Les patrons de l'an II

Et si nos dirigeants devaient devenir nos généraux de l’an II ? Voici la curieuse question que je me suis posée.

L’an II a été la levée en masse de troupes par la République. Il s’agissait d’éviter à la France le retour du modèle monarchique. Aujourd’hui, la France est devant une autre forme de menace. Elle a été colonisée par le « modèle du marché ». Ses entreprises, ses universités, ses Champs Elysées… tout lui obéit. Or, non seulement cela ne nous satisfait pas, mais, comme le disent les Anglo-Saxons eux-mêmes, il a mis la planète en faillite. Dans ces conditions, la menace étant économique, il serait logique que les dirigeants d’entreprise prennent la place des généraux de la Révolution. Qu’ils construisent une économie à la fois prospère et compatible avec nos valeurs. Et pour cela l’armée doit être composée de citoyens. Pas de professionnels.

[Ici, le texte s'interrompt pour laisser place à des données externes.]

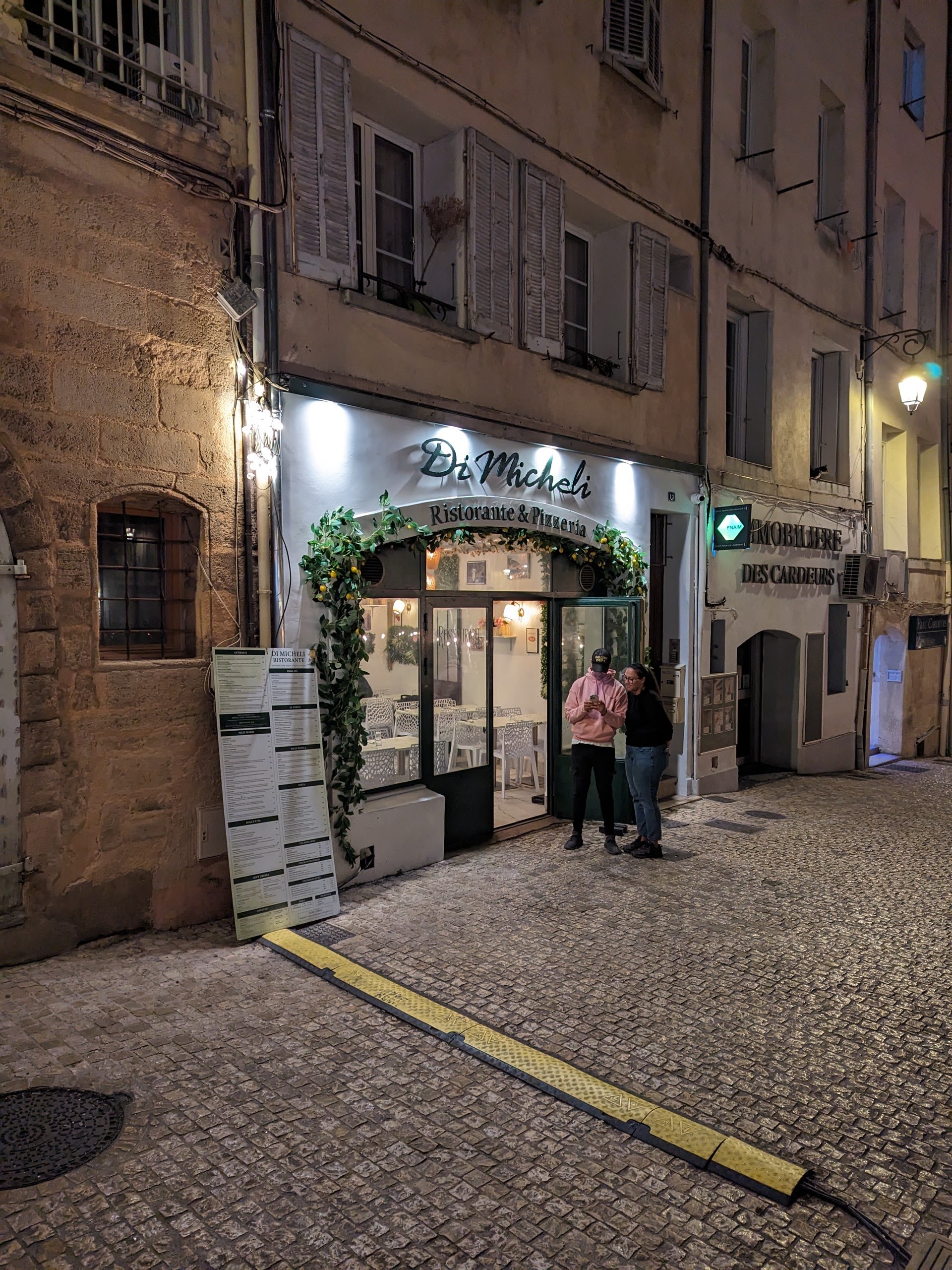 Quel dommage car ce restaurant semble proposer de bon produits à consommer. Mais le service est déplorable, très lent et sans souci de satisfaire le client (erreur dans la prise de commande, il manque une pizza au moment de servir et on a fini par en partager une à deux car pas de réponse apportée par le serveur, une demi-heure pour servir une grenadine, pas de parmesan ni de pain proposé). A notre avis, il n’y a pas que le service qui pêche, il y a un vrai problème de débit en cuisine (il n’y avait que 4 tables à servir, et on a attendu notre commande incomplète plus d’une heure). Enfin bref, ça a failli nous gâcher notre journée à Aix.
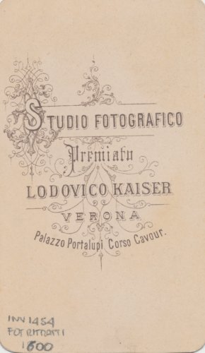 - STEMMI sul supporto secondario: verso - dell'autore - Marchio - Marchio tipografico dell'autore in cui, entro un'elegante decorazione, si trova la scritta: "Studio fotografico/ premiato/ Lodovico Kaiser/ Verona/ Palazzo Portalupi Corso Cavour".
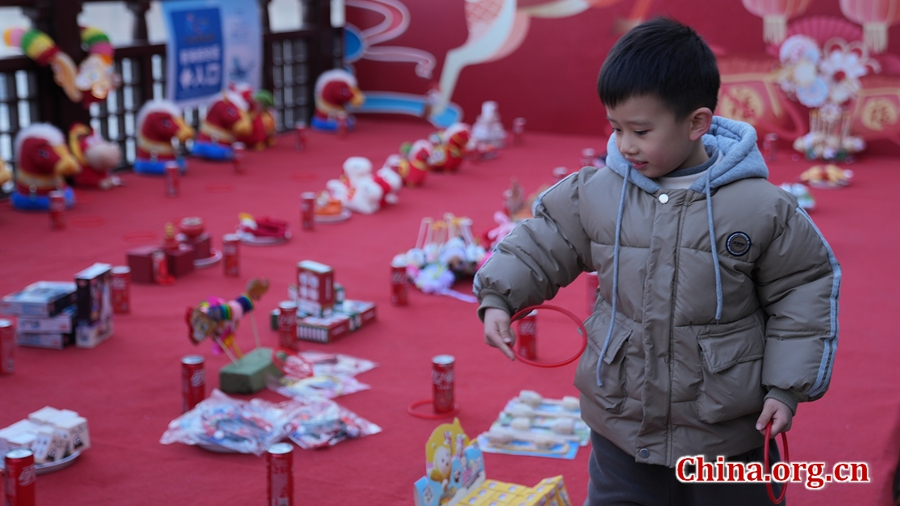 A boy plays ring toss at the carnival in Shichahai, Beijing, Jan. 13, 2026. [Photo by Zhang Yuxin/China.org.cn]

Comme les Révolutionnaires, leur mission ne s’arrête peut-être pas aux frontières de la nation. Il faut rebâtir un modèle mondial durable. Et il serait bien de sortir des conflits entre groupes humains qui fleurissent partout. Pourquoi ne pas remettre au goût du jour les idées des Lumières ? Par exemple celle qui voulait créer une fédération de cultures, dont la richesse est la différence. Et pourquoi ne pas commencer avec une maison témoin ? L’Europe. En la sortant de son cercle vicieux actuel, qui cherche à nous punir de nos différences, et à nous enfoncer dans la pauvreté ?

France éternelle ?

Ce blog m’a amené à deux constatations qui me plongent dans un abîme de perplexité.

  • J’ai fini par rattacher les thèses de Nicolas Sarkozy à celles des Versaillais et de ce que René Rémond appelle la première droite. Celle qui s’est opposée à la révolution. 
  • Quant à la gauche et ses appels à la repentance, son obsession de la défense de « victimes » de la société, sans papiers, homosexuels, colonisés… elle fait penser à l’église catholique. 

Pourtant, il n’y a apparemment aucun lien entre la France d’aujourd’hui et le passé !? Et s’il y avait une explication systémique ? Et si les mêmes causes produisaient les mêmes effets ?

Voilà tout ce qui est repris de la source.